- _To do_
Set down the whole listing below exactly, without pictures.

##### Data to use #####

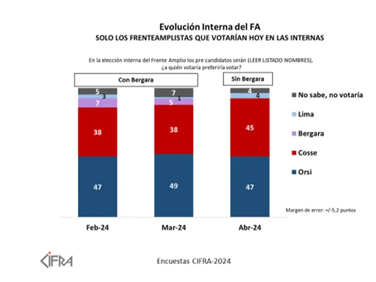 La consultora Cifra presentó este lunes en Telemundo (Canal 12) una nueva encuesta de intención de voto a la interna de cada uno de los partidos, a falta de dos meses de las elecciones internas que se celebrarán el último domingo de junio.
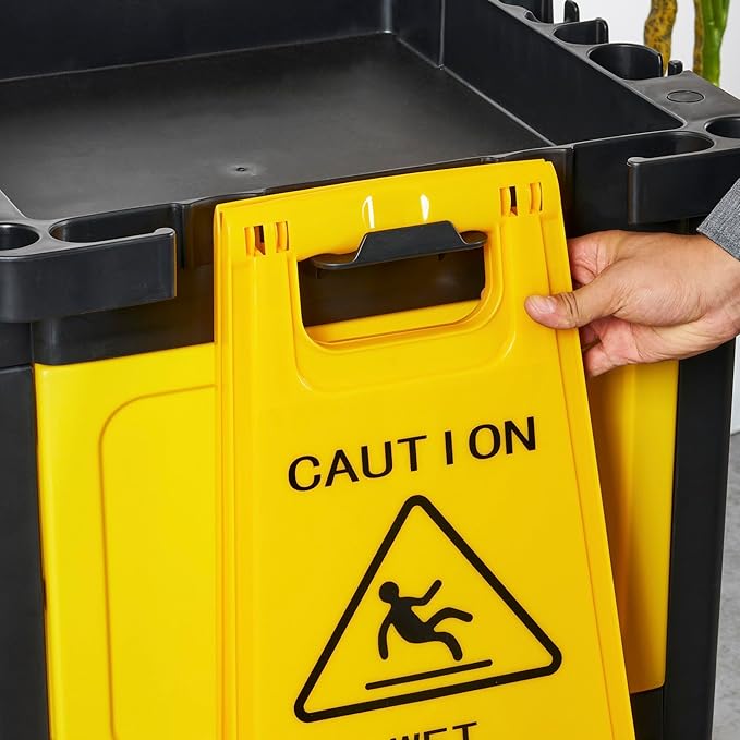 - MAXIMUM EFFICIENCY: With 3 shelves, this commercial cleaning cart offers room for cleaning supplies and equipment, ensuring everything is at your fingertips. Cleanup has never been this easy!
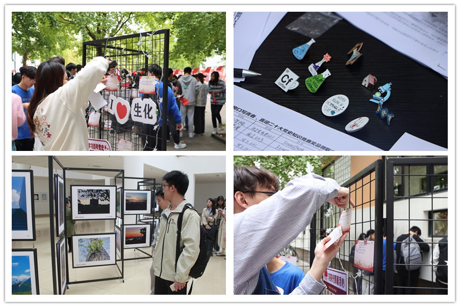 仪式结束后师生共同观看了主题展览。此次展览分为五个板块:“红色摄影”是生化学子运用摄影定格身边的美好瞬间,用画面讲述红色故事,用光影记录校园变化,用镜头记录家乡发展。“青春宣讲”是生化学院、材料学院学生深入学习贯彻党的十九届六中全会精神,以微视角讲大精神,用万家星火书写青春感悟。“党史画卷”是材料学子以“材”绘党史,将艺术与专业学科碰撞,从党的百年奋斗史中汲取凝聚青年的磅礴伟力。“显微摄影”是由材料学院与生化学院学子在实验过程中,各种材料通过显微镜后记录下的画面,通过显微摄影画面感受蓬勃的力量。“奋斗征程”布置了历届党的全国代表大会图文介绍,形成一片红色的海洋。此版块还设置了党史知识竞赛、青春寄语积分闯关活动。
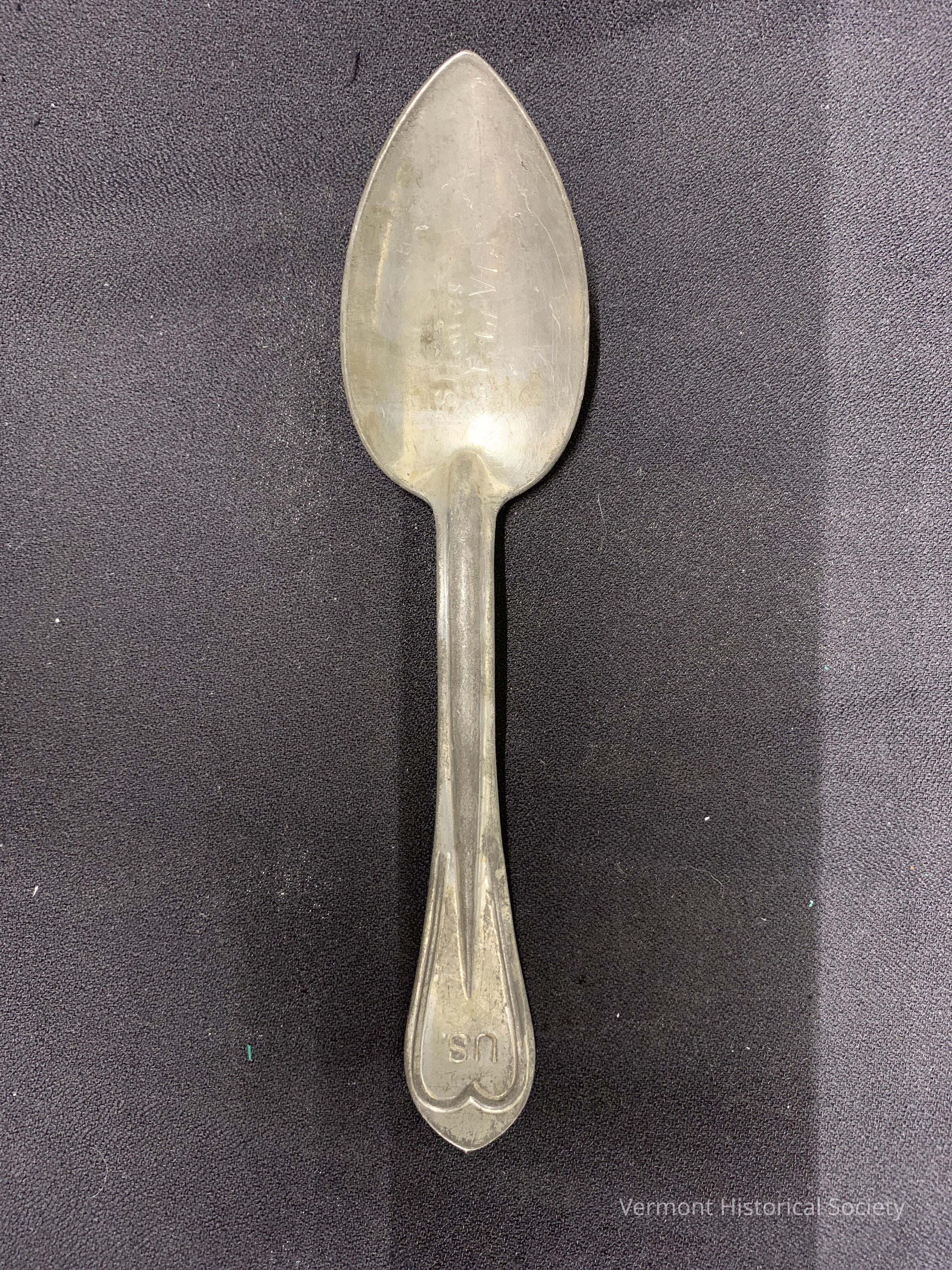 Stamp molded tin spoon with a pointed bowl. The handle is stamped with "U.S." The inside of the bowl is engraved with the inscription, "P. S. Howes Co F 1st Vt".Context
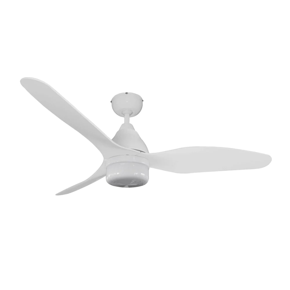 Featured here is a three blade ceiling fan with a opal clipper glass. It can generate strong airflow and is excellent for keeping cool in hot weather.
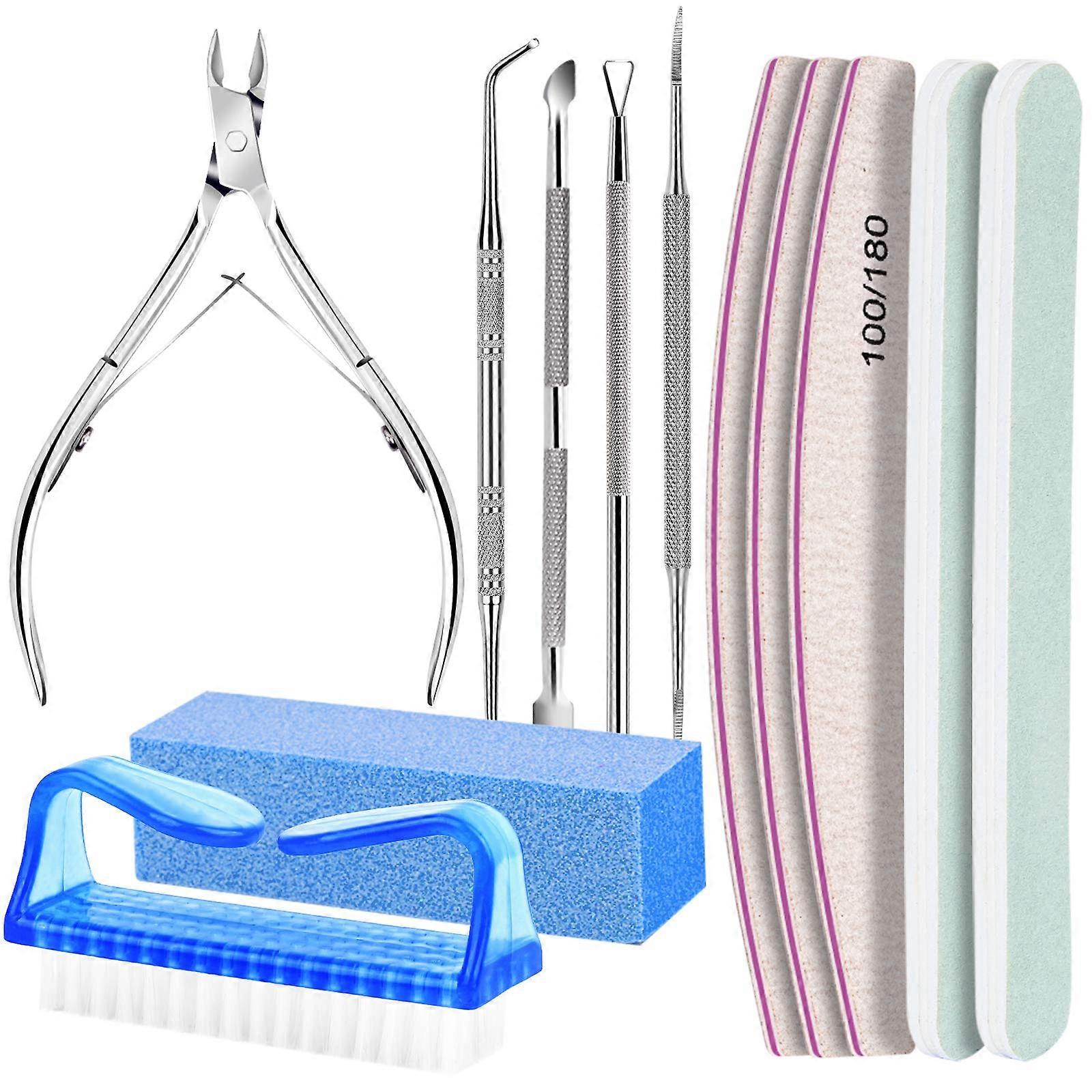 Info about this article Professional manicure & Pedicure set - scope of delivery: 3 pieces nail files 100/180, 2 pieces polishing files, 1 piece nail buffer block, 1 piece cuticle pusher, 1 piece triangular cuticle peeler, 1 piece stainless steel nail file, 1 piece corner lifter, 1 piece .Nail nippers, 1 piece nail brushWe offer a very large selection of professional, practical and durable manicure & Pedicure set to meet your needs! Practical tools for filing and polishing - The nail file with a grit of 100/180 has the plastic core and high-quality sand sheet for precise filing on the nail edges and for removal of modeling residues in the nail fold, are suitable for natural and acrylic nails. The buffer and polishing files have a rough grain that can shorten the length of your nail and polish your nails. The small nail brush can help brush the residue from the nails easily. Perfect nail care set -The double-sided cuticle pusher features a spoon-shaped tip and small tip to remove the extra cuticle on the nail and the dirt from the Remove the underside of the nail tip. The special triangular cuticle peeler can easily remove the dead cuticles and also remove the nail polish and nail gel. The nail clipper can easily and naturally remove the thick and deep cuticles of toenails and fingernails. Corner lifter and nail file for pedicure -The corner lifter can lift the nail corners to easily reach the nail edge and remove the stubborn deposits effortlessly. The nail file consists of a straight end for the outer surface of the nails and a curved end for filing the inner surface and nail edge to trim the corners of the nail. They help you get rid of the pain and discomfort caused by ingrown toenails. A complete tools set for you - Robust and wear-resistant, washable and reusable multiple times. Long-lasting professional tool set of the highest nail salon quality for manicure & Pedicure in your nail salon or at home. Features -Two-sided nail file with a grit of 100/180. The 100-grit nail file is coarse-grained and is suitable for removing nail gel and also for use on toenails. The 180-grit side is fine and can help cut the edge of the nails and refine the shapes. -The high-quality polishing files, the surface is finer than the other files to give you a comfortable experience Offer experience of manicure and pedicure. -The buffer has a rough grain, which can shorten the length of your nail and polish your nails. -The small nail brush can help the residue easy to brush from nails. -The cuticle pusher, cuticle peeler, nail file, corner lifter and nail nipper are made of high quality stainless steel, elegant and durable. -The cuticle pusher features a spoon-shaped tip, to remove extra cuticle on the nail. The other end consists of a small tip to be able to remove excess dirt from the bottom of the nail tip. -The special triangular design that fits the nail structure perfectly. Even on the most sensitive nail edges, it can easily remove the dead cuticles and also remove the nail polish and nail gel. -We offer an angled corner lifter. It can lift the nail corners to easily reach nail edge and remove the stubborn debris effortlessly. -Our nail file consists of a straight end for the outer surface of the nails and a curved end for filing the inner surface and Nail edge to trim the corners of the nail. Allow you to quickly and precisely shape your nails for an excellent pedicure! Attention Please keep the product away from children under 5 years. Please sterilize and clean the products with soap and water or alcohol before and after use, which are made of stainless steel. Please always be careful when using hard objects.
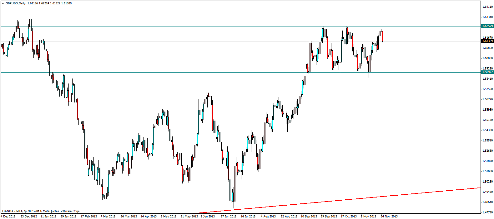En effet en données hebdomadaires la paire GBP/USD teste une résistance oblique de long terme qui coiffe le cours depuis 2009. En outre si l'on passe sur une unité de temps journalière vous noterez que la paire est dans une zone de consolidation à plat uite à la forte accélération haussière (de juin à septembre). Ce range est compris entre 1.6260 pour la résistance et 1.5900 pour le support.
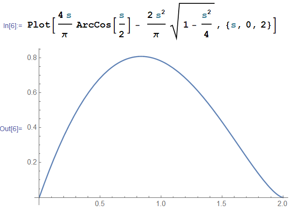 $$=\frac{4s}{\pi} \cos^{-1} \frac{s}{2} - \frac{2s^2}{\pi} \sqrt{ 1 -\frac{s^2}{4}} $$
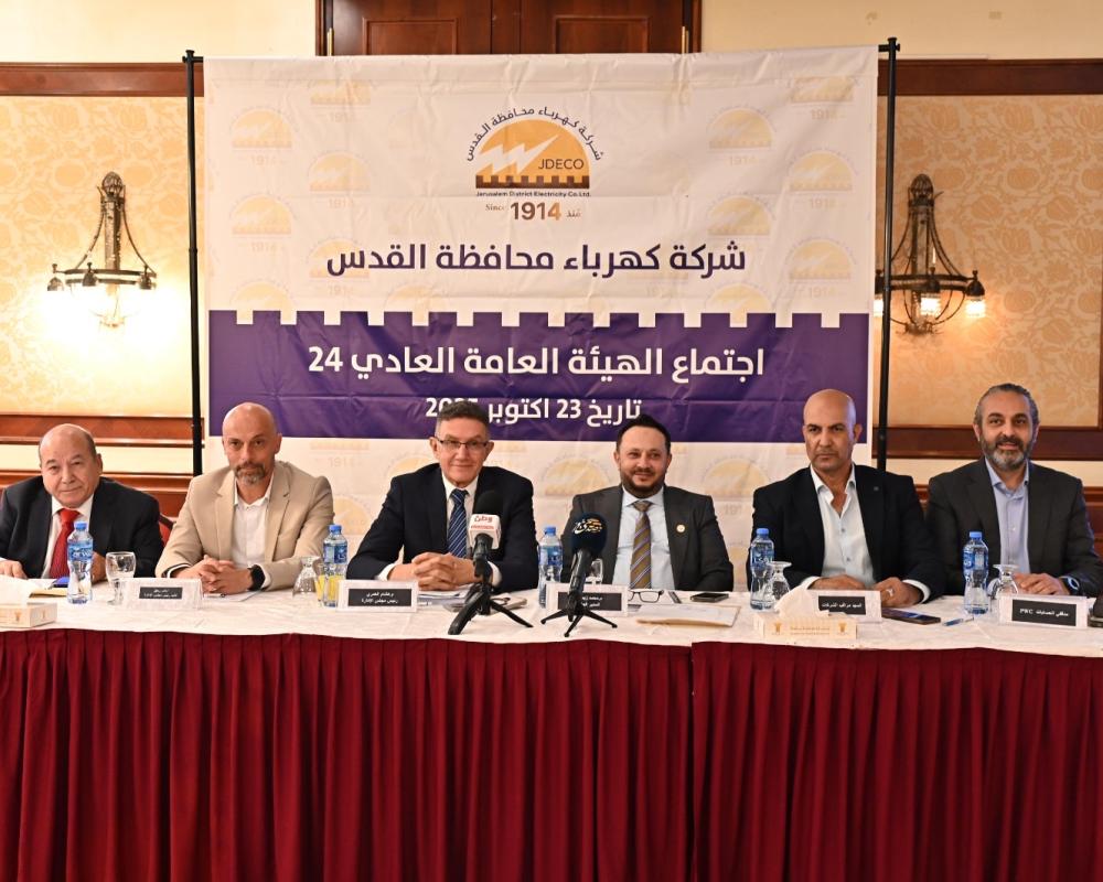 اريحا /PNN/ عقدت الهيئة العامة لشركة كهرباء محافظة القدس اجتماعها السنوي العادي للسنة المالية المنتهية في 31/12/2024 في مدينة أريحا، وبحضور السيد صايل علوي ممثلاً لمراقب الشركات, وسط أجواء من الفخر بالإنجازات التي حققتها الشركة على الصعيدين المالي والفني خلال عام 2024.

#####

- _The answer_
 La consultora Cifra presentó este lunes en Telemundo (Canal 12) una nueva encuesta de intención de voto a la interna de cada uno de los partidos, a falta de dos meses de las elecciones internas que se celebrarán el último domingo de junio.
 - MAXIMUM EFFICIENCY: With 3 shelves, this commercial cleaning cart offers room for cleaning supplies and equipment, ensuring everything is at your fingertips. Cleanup has never been this easy!
 仪式结束后师生共同观看了主题展览。此次展览分为五个板块:“红色摄影”是生化学子运用摄影定格身边的美好瞬间,用画面讲述红色故事,用光影记录校园变化,用镜头记录家乡发展。“青春宣讲”是生化学院、材料学院学生深入学习贯彻党的十九届六中全会精神,以微视角讲大精神,用万家星火书写青春感悟。“党史画卷”是材料学子以“材”绘党史,将艺术与专业学科碰撞,从党的百年奋斗史中汲取凝聚青年的磅礴伟力。“显微摄影”是由材料学院与生化学院学子在实验过程中,各种材料通过显微镜后记录下的画面,通过显微摄影画面感受蓬勃的力量。“奋斗征程”布置了历届党的全国代表大会图文介绍,形成一片红色的海洋。此版块还设置了党史知识竞赛、青春寄语积分闯关活动。
 Stamp molded tin spoon with a pointed bowl. The handle is stamped with "U.S." The inside of the bowl is engraved with the inscription, "P. S. Howes Co F 1st Vt".Context
 Featured here is a three blade ceiling fan with a opal clipper glass. It can generate strong airflow and is excellent for keeping cool in hot weather.
 Info about this article Professional manicure & Pedicure set - scope of delivery: 3 pieces nail files 100/180, 2 pieces polishing files, 1 piece nail buffer block, 1 piece cuticle pusher, 1 piece triangular cuticle peeler, 1 piece stainless steel nail file, 1 piece corner lifter, 1 piece .Nail nippers, 1 piece nail brushWe offer a very large selection of professional, practical and durable manicure & Pedicure set to meet your needs! Practical tools for filing and polishing - The nail file with a grit of 100/180 has the plastic core and high-quality sand sheet for precise filing on the nail edges and for removal of modeling residues in the nail fold, are suitable for natural and acrylic nails. The buffer and polishing files have a rough grain that can shorten the length of your nail and polish your nails. The small nail brush can help brush the residue from the nails easily. Perfect nail care set -The double-sided cuticle pusher features a spoon-shaped tip and small tip to remove the extra cuticle on the nail and the dirt from the Remove the underside of the nail tip. The special triangular cuticle peeler can easily remove the dead cuticles and also remove the nail polish and nail gel. The nail clipper can easily and naturally remove the thick and deep cuticles of toenails and fingernails. Corner lifter and nail file for pedicure -The corner lifter can lift the nail corners to easily reach the nail edge and remove the stubborn deposits effortlessly. The nail file consists of a straight end for the outer surface of the nails and a curved end for filing the inner surface and nail edge to trim the corners of the nail. They help you get rid of the pain and discomfort caused by ingrown toenails. A complete tools set for you - Robust and wear-resistant, washable and reusable multiple times. Long-lasting professional tool set of the highest nail salon quality for manicure & Pedicure in your nail salon or at home. Features -Two-sided nail file with a grit of 100/180. The 100-grit nail file is coarse-grained and is suitable for removing nail gel and also for use on toenails. The 180-grit side is fine and can help cut the edge of the nails and refine the shapes. -The high-quality polishing files, the surface is finer than the other files to give you a comfortable experience Offer experience of manicure and pedicure. -The buffer has a rough grain, which can shorten the length of your nail and polish your nails. -The small nail brush can help the residue easy to brush from nails. -The cuticle pusher, cuticle peeler, nail file, corner lifter and nail nipper are made of high quality stainless steel, elegant and durable. -The cuticle pusher features a spoon-shaped tip, to remove extra cuticle on the nail. The other end consists of a small tip to be able to remove excess dirt from the bottom of the nail tip. -The special triangular design that fits the nail structure perfectly. Even on the most sensitive nail edges, it can easily remove the dead cuticles and also remove the nail polish and nail gel. -We offer an angled corner lifter. It can lift the nail corners to easily reach nail edge and remove the stubborn debris effortlessly. -Our nail file consists of a straight end for the outer surface of the nails and a curved end for filing the inner surface and Nail edge to trim the corners of the nail. Allow you to quickly and precisely shape your nails for an excellent pedicure! Attention Please keep the product away from children under 5 years. Please sterilize and clean the products with soap and water or alcohol before and after use, which are made of stainless steel. Please always be careful when using hard objects.
En effet en données hebdomadaires la paire GBP/USD teste une résistance oblique de long terme qui coiffe le cours depuis 2009. En outre si l'on passe sur une unité de temps journalière vous noterez que la paire est dans une zone de consolidation à plat uite à la forte accélération haussière (de juin à septembre). Ce range est compris entre 1.6260 pour la résistance et 1.5900 pour le support.
 $$=\frac{4s}{\pi} \cos^{-1} \frac{s}{2} - \frac{2s^2}{\pi} \sqrt{ 1 -\frac{s^2}{4}} $$
 اريحا /PNN/ عقدت الهيئة العامة لشركة كهرباء محافظة القدس اجتماعها السنوي العادي للسنة المالية المنتهية في 31/12/2024 في مدينة أريحا، وبحضور السيد صايل علوي ممثلاً لمراقب الشركات, وسط أجواء من الفخر بالإنجازات التي حققتها الشركة على الصعيدين المالي والفني خلال عام 2024.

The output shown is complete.